Exploring and Comparing Open-Source Large Language Models

By: Dikshant Rajput; CSE, Chandigarh College of Engineering and Technology, Chandigarh, India. Email: CO22326@ccet.ac.in

Abstract

This article explores open-source Large Language Models and evaluates them on variety of datasets. LLM use an architecture which contain encoder and decoder. The encoder processes input tokens through levels like embedding, multihead listening and layer normalization, while decoder is required for tasks like completion and question answering. The article investigates open Models such as Llama, Falcon, MPT in different versions. Performance measuring is done on various tasks such as sentence completion, coherent thinking and emotional analysis using datasets such as ARC, HellaSwag, MMLU, GSM8K, TruthfulQA, Winograde. Open LLM are driven by advances in collaboration, data availability, and education. Despite the progress, hindrance persist and the biggest challenge is the absence of universally agreed-upon criteria. Benchmarking initiatives like MMLU and ARC aim to improve this situation and provide standardized frameworks for robust, fair comparisons and offer compelling alternatives to closed source models.

Introduction

There has been a shift in large language models with the imergence and proliferation of open-source models like MPT, Falcon, Llama. These are complex algorithm which are supported by massive datasets and a community effort to help redefine machine learning for mimicking human like text. The LLMs are the algorithms that simulate human like language. The difference between in open source llm is their accessibility and adaptability which allows users to build upon texisting models, fine tune them for specific task. The article take pre-trained models at it’s base sourced from hugging face. Prominent open-source LLMs like Llama, Falcon and MPT take center stage in the study, where there parameter count, and training datasets are dissected. Performance evaluation extends to various tasks, including commonsense reasoning, sentence completion, and sentiment analysis, employing standardized benchmarks like ARC and HellaSwag[1].

Architecture of Large Language Models

LLMs use an architecture called transformers to predict the upcoming word in a sentence. The architecture consists of an encoder, and decoder stack.

Encoder

It is a component responsible for the input of tokens. To elaborate further, in a typical transformer model, the encoder takes in input data (such as a sequence of words) and applies selfattention mechanisms to capture relationships between different parts of the input sequence. The transformer encoder processes the input in parallel, making it computationally efficient.

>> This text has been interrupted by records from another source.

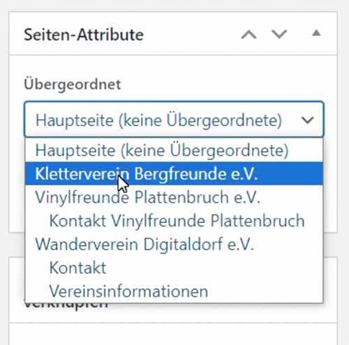 Seitlich in der rechten Spalte kannst Du nun über Seiten-Attribute diese neue Seite einer bestehenden Seite unterordnen. Klicke einmal auf das kleine Drop-Down-Menu, damit Dir alle Seiten Deiner Dorfpage angezeigt werden. Wähle die übergeordnete Seite hier aus.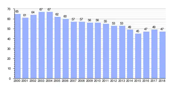 | Gráfica de evolución demográfica de Santiso entre 2000 y 2018 |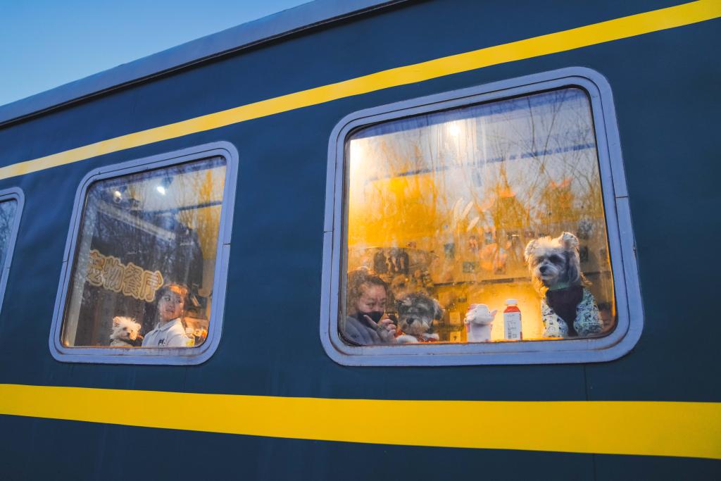 2026年2月3日,在吉林省长春市一家火车车厢主题的宠物餐厅,几只宠物狗坐在窗边等待“宠物年夜饭”。新华社记者 许畅 摄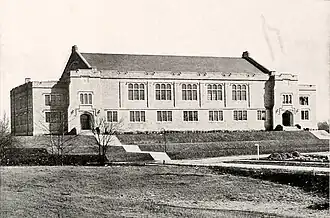 The new facility was built from Indiana limestone and cost $250,000. In addition to the basketball portion, it included an indoor track, a pool, locker rooms, offices for athletics and staff, and a trophy room. The primary focal point of the facility was a 2,400-seat basketball arena on the second floor. It was simply called the new Men's Gymnasium, and for the first few years was often just called the "New Gym."[2]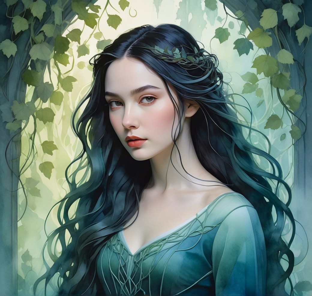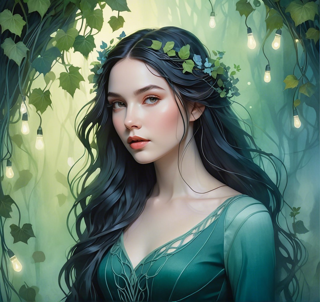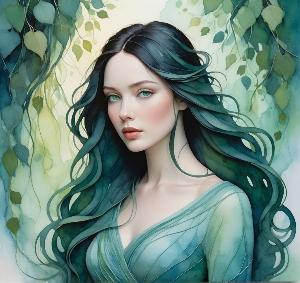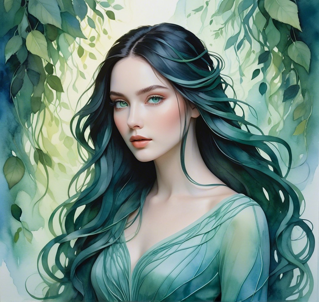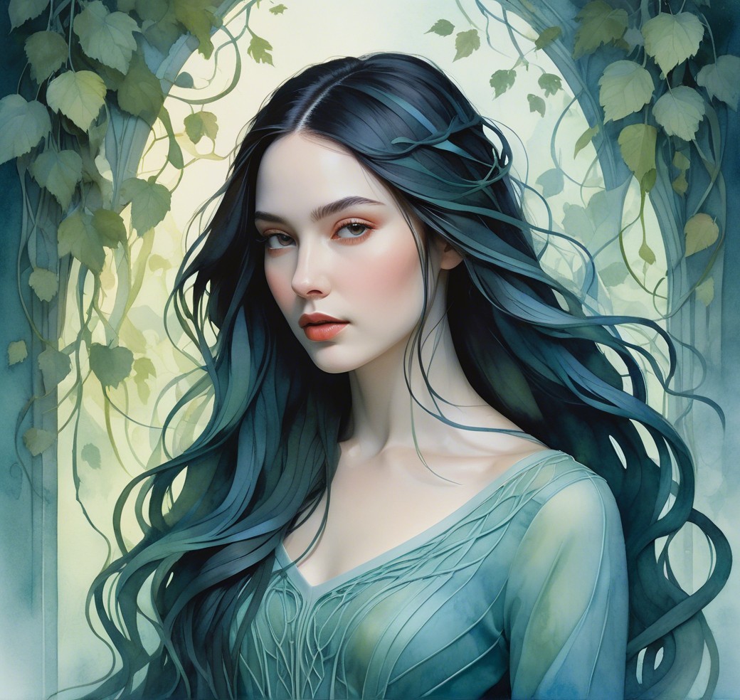 + Prompt:Stylized 3d portrait, porcelain skin, flowing dark hair, form-fitting garment intertwined with vines, 3d effects,floating lights, and misty green-blue hues. Art style inspired expressive illustration, linework, graceful, soft watercolor washes, vivid coloring, bold contrast, softened lighting, great depth and scale, american gothic 1.7, rim lighting, impossible light transitions, divisionism, gothic fetishism merged with art-nouveau style reminiscent of William Bradley, multilayer rendering for 128K HDR, avant-garde artwork, strikingly colorful, brightness 1.3, zentangle, plasticity 1.1, emulsion shifts, dyed, trippy, warm toned ethereal glow, reminiscent of comic book art, vibrant, magical atmosphere, linocut contourings, surreal, dreamlike setting, intricate linework, detailed linocut textures, collagraphy elements, stylized with micro-pen lines, warm and rich color palette with earthy tones, layered textures, fragmented elements, sculpted ensuring perfect symmetry and intricate visual cohorence, luminism, plasticity 1.6, dynamic lighting effects. Magical realism, merged styles of ho baron and man ray and John buscema & Anna Dittmann & Alphonse Mucha, lighting in Gerald Brom's style, restrained lighting. dreamlike textures, vivid and glowing, created with watercolors and pastels, painterly style with heavy brushstrokes by Brandon Mably, dyed, subsurface scattering 1.3, parallax occlusion 1.3, raytraced shadows 1.3, harmonious, quilling, unity with nature, mystical, hand-drawn illustration style, irregular strokes, blotting,

Fig1: Architecture of Encoder[5]

In the encoder architecture, data travels through the model in steps namely, Input Embedding, Multihead Attention, Addition and Normalization, Feedforward layer.

Input Embedding Layer

In Input Embedding the input sequence is initially converted into embeddings and every token in the sequence is represented in the form of high-dimensional vector. It serves the purpose of feeding input in to the model and is often combined with positional encodings to provide information of the token in the sequence.

Multihead Layer

The embedded sequence is then forwarded to the multiheaded attention mechanism, it computes attention score for which determines how much attention will be given to different portion in the input sequence. The mechanism is applied independently to every head, resulting in multiple sets of attention scores, then every set is linearly transformed to produce the final multiheaded attention output. The set of queries is packed together in a matrix Q. The keys and values are also packed into matrices K and V

Fig2. Multi-Head Attention consists of several attention layers running in parallel[5]

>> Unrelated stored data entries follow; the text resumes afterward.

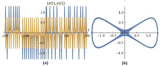 in this case, , , , and N is an integer. Ref. [] considers the use of tiny parametrical perturbations to divert homoclinic chaos in a class of piecewise smooth oscillators to stable periodic orbits. More precisely, the authors explore the following extended differential model []: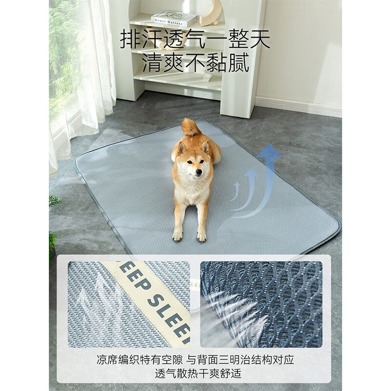 嬉皮狗(hipidog)狗垫子睡觉用夏天冰垫狗狗睡垫宠物凉席夏季狗窝地垫四季通用猫垫 蓝色M码-60*50CM建议20斤内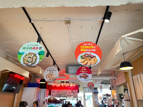 미나리 새우전, 오징어 순대 등 다양한 메뉴를 팔고 있더라고요!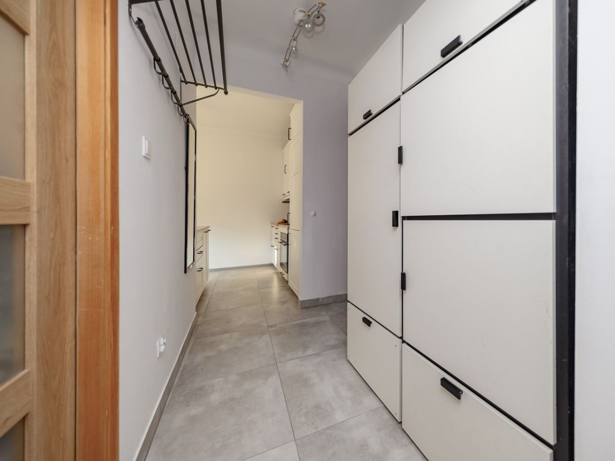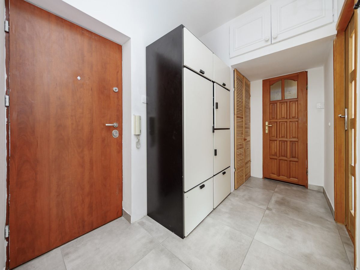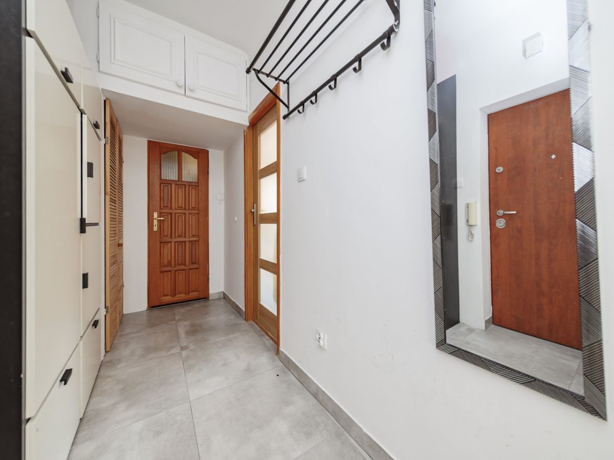 - przedpokój (5,90 m²) z dużą, wolnostojącą szafą oraz pawlaczem.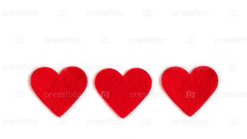 Красные текстильные сердца на белом фоне. День святого Валентина или день матери фон. Скопируйте пространство, вид сверху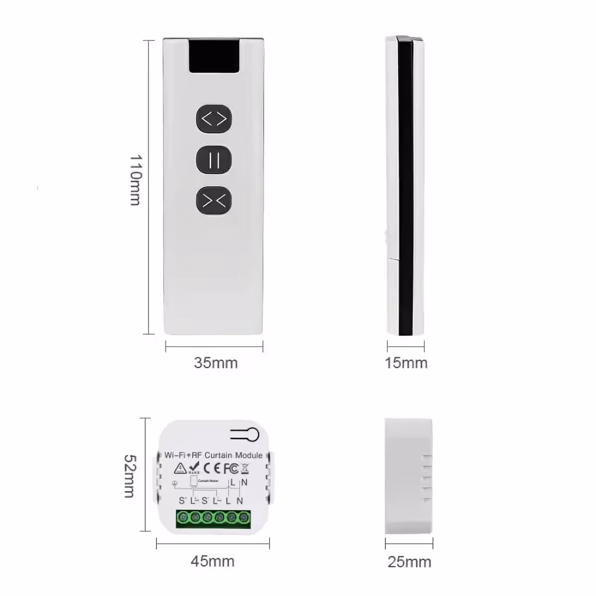 - 1 x WiFi + RF controller voor rolluiken, jaloezieën, gordijnen, vitrage, luifels, etc.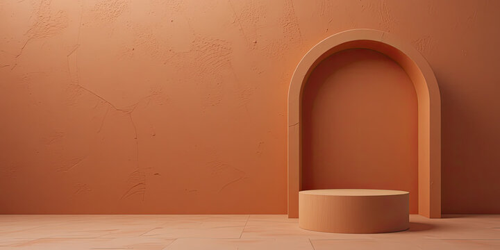 Minimal arched background with warm terracotta wall and round podium under natural sunlight, modern architectural design for product display, elegant composition and clean aesthetic concept

𝑀𝑢𝑙𝑡𝑖𝐻𝑒𝑎𝑑(𝑄, 𝐾, 𝑉) = 𝐶𝑜𝑛𝑐𝑎𝑡(ℎ𝑒𝑎𝑑1, … , ℎ𝑒𝑎𝑑ℎ)𝑤0

𝑤ℎ𝑒𝑟𝑒 ℎ𝑒𝑎𝑑𝑖 = 𝐴𝑡𝑡𝑒𝑛𝑡𝑖𝑜𝑛(𝑄𝑊𝑖𝑄, 𝑘𝑤𝑖𝑘, 𝑣𝑤𝑖𝑣 )

Layer Normalization Layer

Layer normalization normalizes the values across the feature dimension for every example in batch, importantly it helps stabilizing the distribution of inputs and ensure it remains consistent throughout training.Then comes the feed forward layer that consists of two linear transformations with a ReLU activation function in between. This structure enables to capture complex, non-linear relationships in the data. The layer like above operates independently on each position in the sequence.

FFN(𝑥) = 𝑚𝑎𝑥(0, 𝑥𝑤1 + 𝑏1)𝑤2 + 𝑏2

Decoder

A decoder-only model lacks an encoder. It encodes the information implicitly in the hidden state and relays during the output generation, they are commonly used for text generation. The decoder only models one word in a sentence at a time, some of the prominent examples of this architecture are transformer XL and LLaMA. The models based on this can do a variety of work including text completion, and question-answering (chatbots like chatbot, Bard).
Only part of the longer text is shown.